Cannabis  June 14, 2023

Charlotte’s Web founders maneuver to force board shakeup amid fiscal woes

LOUISVILLE — Jesse Stanley and Joel Stanley, the brothers who founded CBD brand Charlotte’s Web Holdings Inc. (TSX: CWEB), are pleading with shareholders to block the appointment of four board of directors nominees and install the Stanleys and two others instead. 

In a Monday letter, the brothers, on behalf of a group of “concerned shareholders” that own nearly a quarter of Charlotte’s Web shares, said that they are moving against the nominees because the company’s stock has plummeted 95% since they departed the board in 2021. Additionally, “revenues have decreased by 22.8% (from approximately $96 million in 2021 to approximately $74 million in 2022) and the value of the company is at its lowest levels since going public,” the Stanleys said.

Boulder-born Charlotte’s Web’s “significant cash burn rate with decreasing revenues must end immediately. The current leadership blames general industry decline and regulatory headwinds to avoid taking responsibility for their actions,” the letter said. “The truth is that the actions of this board have clearly contributed to the destruction of shareholder value.”

The Stanleys accuse company leadership of “uncontrolled spending without consequences,” “failure to maximize potential,” “poor hiring practices” and “lack of accountability.”

The nominees the Stanleys hope to block are John Held, Jacques Tortoroli, Thomas Lardieri and Alicia Morga.
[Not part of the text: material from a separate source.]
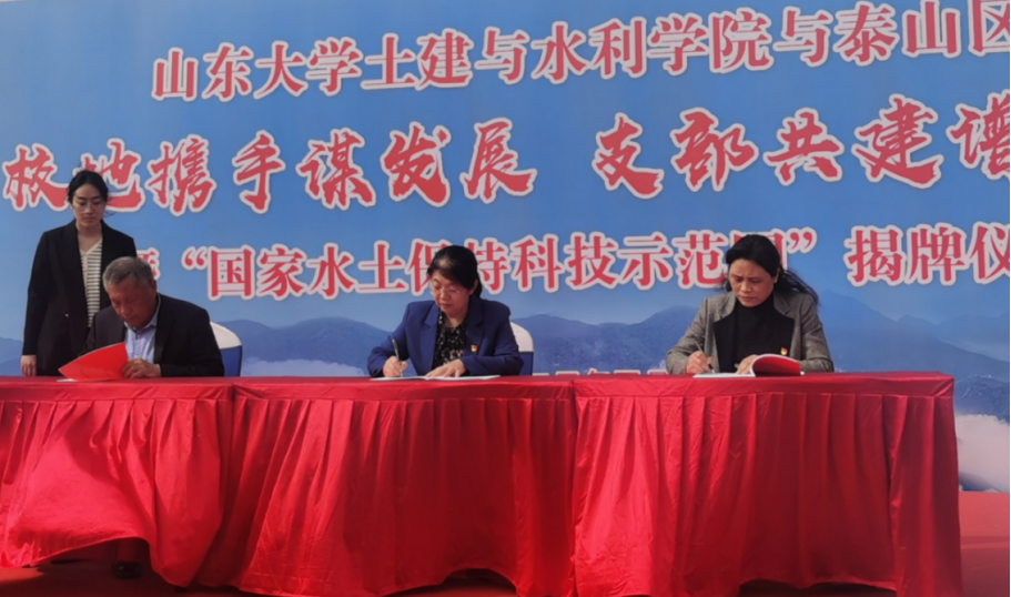 为深入学习宣传贯彻党的二十大精神,进一步探索高校基层党组织校地共建新模式,激发党建新活力,促进党建引领和业务工作深度融合,2023414日下午,吃瓜网 水工系教工党支部与泰安市泰山区水利局党支部和省庄镇安家庄村党支部在泰山区省庄镇安家庄村开展校地三方支部结对共建、国家水土保持科技示范园和吃瓜网 实习基地揭牌仪式。参加此次活动的有吃瓜网 院长张庆松、副院长韩勃、泰山区区长周鹏飞、泰安市市水利局党组书记王冠祥,泰山区水利局党组书记李永荣、水工系教工党支部书记于翠松、水利系教师代表李传奇、苗兴皓、王好芳和王俊以及泰安市水利局、泰山区政府领导成员以及各街道镇、水利局和安家庄村代表成员参加了此次活动。

Should shareholders decide at their general meeting on Thursday to follow the Stanleys’ lead, Lynn Kehler and Angela McElwee would join the brothers in replacing the current nominees. Kehler is CW’s former chief financial officer, and McElwee is a former executive with Gaia Herbs Inc..

“Without urgent action today, the future of Charlotte’s Web is at risk. We call on the Charlotte’s Web Board and the four incumbent directors, who will fail to achieve majority support, to put shareholders first and to do the right thing by stepping down and avoid delaying change,” Joel Stanley said in a statement. “Shareholders have seen the value of their investments collapse and the stock price is trading at an all-time low. The company is in need of a refreshed board and we have the right people to take on the huge challenges that lie ahead, in order to restore shareholder value.”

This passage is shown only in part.